Whereas a multi-pronged approach was utilized in attempts to quantify MG53 in serum samples, the combined ELISA and western blot (WB) data are unclear. ELISA demonstrated MG53 levels in the range of ∼200–300 pg/mL (Figure 3c). Assuming loading 1–10 µL serum in the gel, this would result in 0.2–2 pg MG53, far beyond the sensitivity of WB. The sensitivity could raise concerns regarding the accuracy of the WB band for the MG53 signal. MG53 marked in the WB at 53 kD would unlikely be the MG53 band as Lemckert et al have clearly shown that running serum samples shifts target proteins to lower molecular sizes2.
Surface plasmon resonance (SPR) assay traces, used to demonstrate that recombinant human MG53 protein (rhMG53) binds to the extracellular domain (ECD) of insulin receptor with a Kd of 8 nM, (Figures 6B and 6C) show different patterns of rhMG53 binding and insulin interaction with ECD. Unlike the rapid association and dissociation of insulin with ECD, rhMG53 shows non-equilibrium, slow association with ECD that does not dissociate during the observed time window. In our opinion, this may represent non-specific binding of rhMG53 to the BIACORE sensor chip.
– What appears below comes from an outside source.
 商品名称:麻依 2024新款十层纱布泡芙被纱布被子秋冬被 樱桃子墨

A Kd of 8 nM represents a concentration of ∼400 ng/mL MG53 in circulation; >1,000-fold higher than the circulating MG53 level determined by ELISA. One would surmise that even if circulating MG53 were doubled or 10-fold higher in diabetics than non-diabetics, the blocking effect of circulating MG53 on the insulin receptor, at that level, would not be achieved in physiological or pathological conditions.
The authors report intravenous injection of MG53-mAb led to a modest reduction of glucose from ∼425 to 375 mg/dL (with a standard error of <10 mg/dL, Figure 5C), marking this as a significant difference (p<0.01). Supplemental data in Figure VI-I reported a blood glucose level >600 mg/dL, which is ∼175 mg/dL higher than data shown in Figure 5C under identical conditions (e.g. db/db mice receiving IgG as control). Our interpretation of these data do not suggest beneficial effects of MG53-mAb in reducing glucose levels.
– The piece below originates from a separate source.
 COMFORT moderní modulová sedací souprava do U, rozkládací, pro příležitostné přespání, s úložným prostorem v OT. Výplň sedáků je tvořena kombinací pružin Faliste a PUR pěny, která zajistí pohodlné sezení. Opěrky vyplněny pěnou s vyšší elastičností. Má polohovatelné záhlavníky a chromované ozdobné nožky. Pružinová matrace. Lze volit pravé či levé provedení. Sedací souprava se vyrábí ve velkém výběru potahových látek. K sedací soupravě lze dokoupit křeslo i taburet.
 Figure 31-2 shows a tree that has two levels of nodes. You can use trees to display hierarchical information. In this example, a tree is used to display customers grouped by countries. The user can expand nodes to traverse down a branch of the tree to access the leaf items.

Methodologically, we read that 1.5 mg/animal of MG53-mAb was administered intravenously. This dose is equivalent to ∼7.5×108 pg/mL, a concentration >106-fold higher than the MG53 protein detected in blood (Figure 3C, ELISA data). Animal safety and efficacy data of repeated MG53-Ab administration with any potential impact on vital organ function is critically important and would be of interest to the community.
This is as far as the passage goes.